Partindo dessas considerações, uma das condições para que a aprendizagem seja significativa, segundo Ausubel (1982), é a escolha dos materiais a serem trabalhados, que sirvam para ancorar e facilitar a retenção do novo conhecimento, a utilização de uma metodologia participativa, de instrumentos que possibilitem um movimento de reflexão-ação- reflexão, que propiciem aos estudantes a oportunidade de experimentar situações e os desafiem a resolver os problemas que lhes são apresentados. É importante, assim, que as atividades sejam desafiadoras e que tenham um objetivo que não seja pura e simplesmente a memorização de formas gramaticais. Como afirmaAlves (2011)18, “a missão do professor é provocar a inteligência, é provocar o espanto, é provocar a curiosidade”.

Provocar esse espanto não é nada fácil. Paulo Feire, refratário da chamada educação bancária, aquela educação cujo objetivo é acumular conhecimentos, o que significa educar para a passividade, falava da possibilidade de se espantar diante da realidade, como uma das condições para a construção do pensamento. O espantar-se significa que nós, professores, precisamos resgatar essa capacidade em nossos estudantes, mas, antes disso, resgatar essa possibilidade em nós mesmos, através de ações planejadas e outras construídas com nossos estudantes. É necessário que passemos por um processo de reflexão sobre a aula em si. É importante também trabalhar na interseção entre o que o estudante já tem de conhecimento e o lugar aonde ele quer chegar. Estou falando do desenvolvimento real do estudante, de seu desenvolvimento potencial e da necessidade de trabalharmos dentro da chamada zona de desenvolvimento proximal19, estimulando o estudante a atingir um nível de compreensão e

habilidade que não domina completamente, extraindo dele um novo conhecimento.

18 Acesso ao vídeo completo em http://www.portalraizes.com.

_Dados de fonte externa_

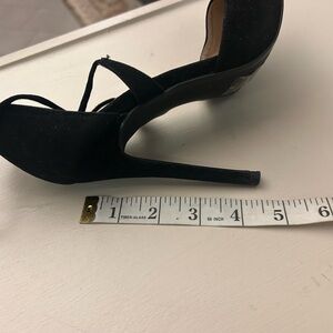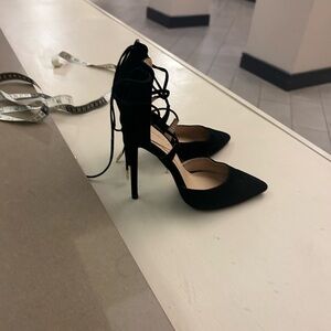 Elevate your look with these chic black lace-up heels. Perfect for any occasion, they combine style and comfort effortlessly. Clean!!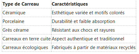 Les carreaux se déclinent en de nombreuses textures, chacune apportant une personnalité unique à votre intérieur. Parmi les types les plus courants, vous trouverez des carreaux lisses, rugueux, et en relief. Les carreaux lisses sont souvent choisis pour leur aspect moderne et épuré, tandis que les carreaux rugueux ajoutent une sensation de rusticité et de chaleur. En outre, les carreaux en relief peuvent attirer l’attention sur certaines surfaces et créer des effets de lumière uniques.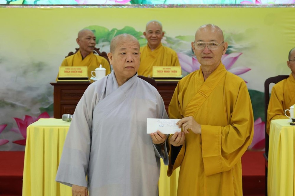 HT. Thích Minh Thiện và NS. Thích Nữ Diệu Phước đã trao tịnh tài hỗ trợ để tiếp tục xây dựng và hoàn thiện Trụ sở GHPGVN tỉnh Tây Ninh.

Estes três termos -desenvolvimento real, potencial e proximal -foram cunhados pelo pesquisador Lev S. Vygotsky (2010), autor cujas ideias foram amplamente difundidas na educação brasileira nos últimos vinte anos. A visão socioconstrutivista de Vygotsky é válida, mas, a meu ver, é mais adequada para aqueles professores mais experientes, pois os anos de prática e o constante monitoramento do processo ensino-aprendizagem podem dar ao professor essa capacidade de perceber quando e até que ponto seu estudante pode ser desafiado na busca de mais saber, estimulando os estudantes a assumirem a responsabilidade sobre o seu próprio desempenho e a desenvolverem a habilidade de aprender a aprender.

São tantos fatores que envolvem o ensino e a aprendizagem de línguas! E todos eles estão interligados. Se o professor, por exemplo, consegue provocar mudanças na postura do estudante e da escola em relação à LE que ele ensina, ele pode influenciar o olhar do estudante sobre a LE e, também, o da escola. Quando um destes fatores, professor, estudante, instituição, funciona, ele pode fazer provocações e gerar inquietações que apontam para mudanças nos demais fatores e, aos poucos, quem sabe um dia, vamos começar a deixar de ouvir frases como: “Não sei português direito, que dirá inglês!”; “Inglês de escola não serve pra nada.”; “Pra que que tenho que aprender inglês?”; “Me empresta sua aula hoje, professora, pra fazer a reunião do projeto?” E que estudantes, como o da Narrativa 14,20 que aparece no

livro de Lima (2018), tenham a oportunidade de aprender a LI, e que seus sonhos e empolgação em relação ao ensino e aprendizagem da LI na escola pública não sejam nunca destruídos.